Couple all of this with the ever-changing landscape of component availability, changes in regulatory demands, issues of certification and approval, and changing customer demands for verification of performance. Under these rapidly changing circumstances, the work involved in portfolio management snowballs. Too frequently, the focus on technology and internal turmoil shoves the voice of the customer aside.

The current market demands far greater investment in product development. Between tooling costs, compliance/ testing costs, and the cost of market release, there is a greater need to be plan-full than ever. The current state of a sluggish market, coupled with increased competition from low cost importers, and growth of large competitors, makes product development and management exponentially more complex.

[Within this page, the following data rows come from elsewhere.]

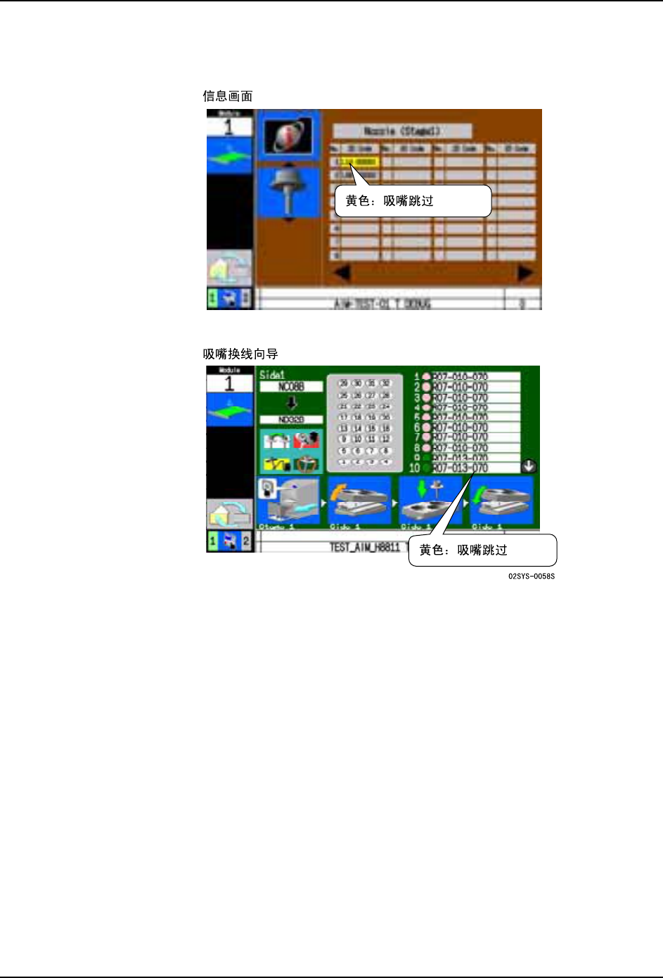 这些显示画面以黄色的背景色显示跳过的吸嘴。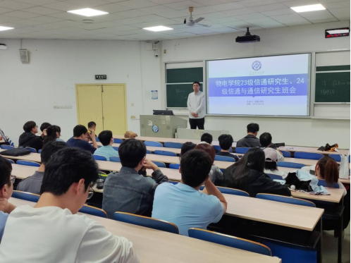 2025年9月24日下午,物电学院在6教学楼208教室召开通信类研究生班会,参会人员涵盖23级通信专业研究生及24级通信与信通专业研究生。本次班会由学院辅导员姚巍主持,核心围绕通信工程专业研究生整体转入物电学院的工作开展需要,系统推进班级组织建设及后续工作部署,为专业转入后的教学管理衔接与学生发展筑牢根基。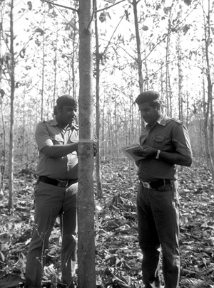 Research work is necessary to verify the viability of teak plantation companies; here, Indian Forest Service officers measure six-year-old teak trees in a plantation survey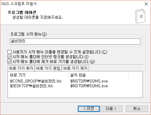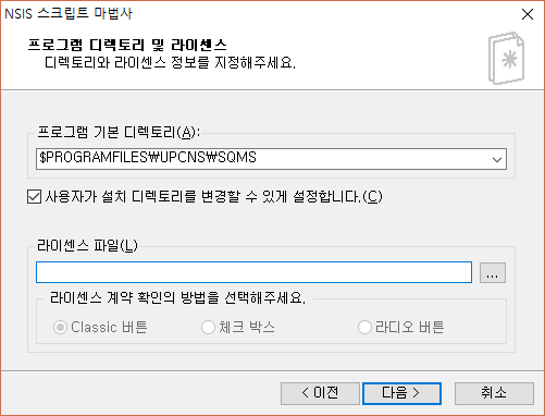 ① 프로그램 기본 디렉터리는 2-2에서 설정한 프로그램 이름으로 되어 있을 겁니다. 저 같은 경우 '$PROGRAMFILES\설비관리'로 되어 있더군요. 한글을 쓰기 싫어서 조금 수정했습니다. $PROGRAMFILES 인수는 아마도 설치할 컴퓨터의 프로그램 폴더를 뜻할 겁니다. 윈도우라면 대부분 'C:\Program Files' 이 경로를 뜻하죠. 저는 C:\Program Files\UPCNS\SQMS 에 설치가 되도록 했습니다.

The convergence of all these factors is transforming the lighting market, rendering informal product management approaches as obsolete as filament lamps.

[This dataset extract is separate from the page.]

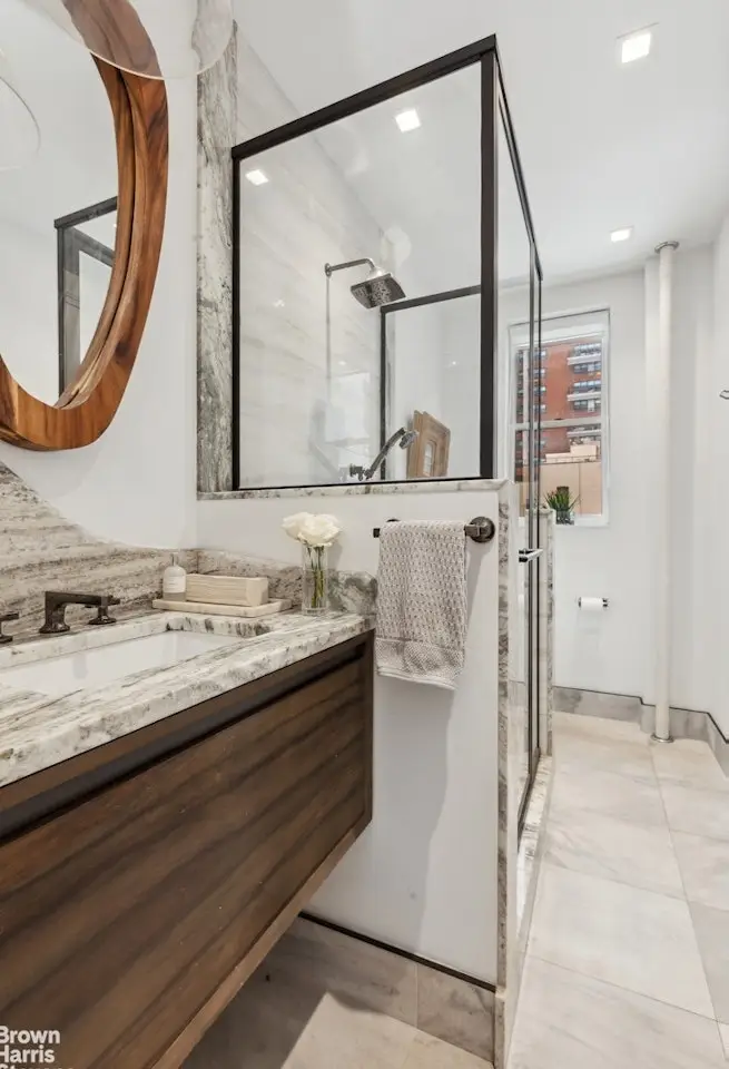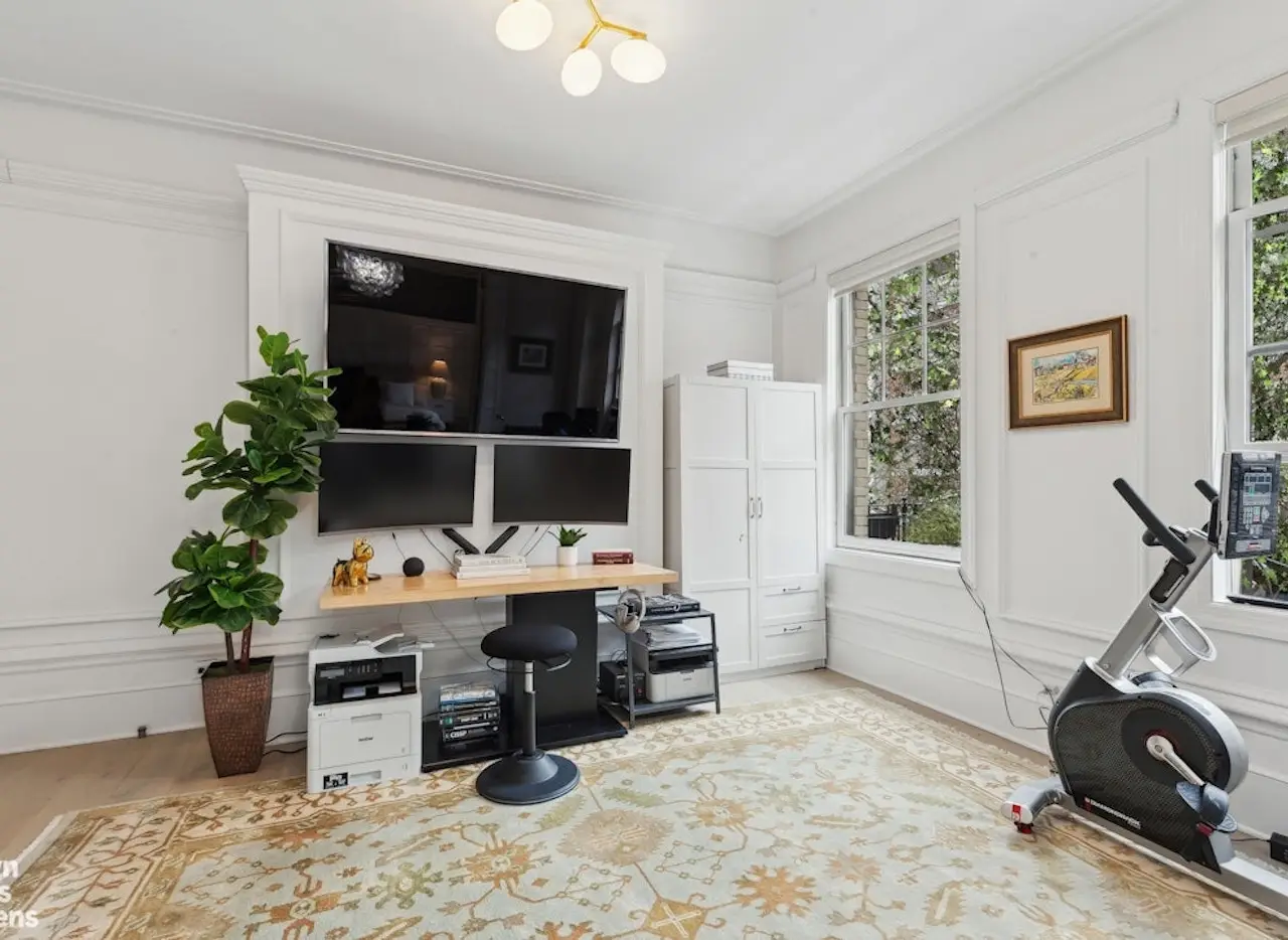 A truly exceptional opportunity awaits in this elegantly renovated 4-bedroom + home office, 3-bathroom duplex co-op, just half a block from Central Park. Blending pre-war charm with modern luxury, this stunning 10-room residence spans the 4th and 5th floors, offering an exquisite Parisian-style layout. Upon entering the top-floor foyer, you're greeted by double coat closets and a striking stained-glass window above the staircase, setting the stage for elegance. The gallery hall leads to an exceptional double-wide living room, bathed in natural light from oversized south-facing windows. Flowing seamlessly into the oak-paneled dining room-complete with a charming bay window-this space is perfect for both grand entertaining and intimate gatherings. The heart of this home is the beautifully renovated, windowed eat-in kitchen. Thoughtfully designed, it features custom floor-to-ceiling cabinetry, Bosch suite of appliances, and exquisite quartz countertops. A center island and banquette seating provide ample workspace and dining options, while a rare floor-to-ceiling pantry-spanning nearly ten feet-offers unmatched storage for every kitchen necessity. Every detail of this chef's kitchen has been custom-crafted for style and efficiency. One the same floor, a classic library boasts floor-to-ceiling built-in shelving and additional closet space. High ceilings, tree-lined street views, recessed lighting, and luminous chandeliers add to the home's refined atmosphere. Brand-new wide-plank oak hardwood floors further enhance its sophistication. Downstairs, the private bedroom wing serves as a serene retreat. The south-facing primary suite includes a spacious sitting room and a beautifully appointed bedroom, cleverly separated by bi-fold French doors to allow for flexible use. Oversized windows, a Juliet balcony, and a charming bay window bathe the space in natural light. The primary bath is a work of art, featuring a custom-designed black-and-white origami-inspired glass mosaic, dolomite and emperador marble, satin brass fixtures by Brizo, a porcelain double-wide sink by Lacava, a custom wood vanity, a rain shower fixture, and a privacy glass-enclosed Toto toilet.  Two more bedrooms add comfort to this level, while a third flexible bedroom or office provides further versatility. A full windowed guest bath boasts decorative tiling, polished high-gloss onyx fixtures by Brizo, swooping marble countertops, a custom wood vanity, a Toto toilet, and an oversized shower, exuding understated luxury. A third windowed full bath features black-and-white pebble tiles, Nero Marquina marble, Rubinit fixtures, and another oversized shower, ensuring every detail of this residence is designed for comfort and style. This masterfully gut-renovated home was designed by Suzanne Cook, one of the Upper West Side's premier interior designers. Built in 1909 by Norman Tishman, The Norman is a well-maintained, pet-friendly building offering the convenience of a live-in superintendent and financing options up to 80%. Nestled among some of the city's most sought-after amenities-including Symphony Space, Whole Foods, Trader Joe's, the Children's Museum, and multiple subway lines (1/2/3 and B/C)-this historic gem is moments from Central Park's tennis courts, playgrounds, and the Jackie Kennedy Onassis Reservoir. Additional storage is included.

Manufacturers with highly diverse offerings often come to this realization later than manufacturers with tightly focused functional product lines. The reason is simple – large product portfolios create confusion that conceals individual product impact on performance for the company and its customers. Limited portfolios expose the performance of individual products more readily. However, as the number of customers increases and sales volume grows, even the simplest organizations find themselves adrift. Further, myopia and corporate hubris creates blind spots that competition is more than happy to exploit.

Another common mistake in product management is the open door approach, where an owner, sales executive, or design staff member is allowed free reign to bring products into the company for full consideration, with little or no rationalization beyond personal insight or opinion. This unrestricted approach creates confusion at every level of an organization, as their is no vision or target to be attained. Further, the more complex a product portfolio becomes, the harder it is to manage and define with customers.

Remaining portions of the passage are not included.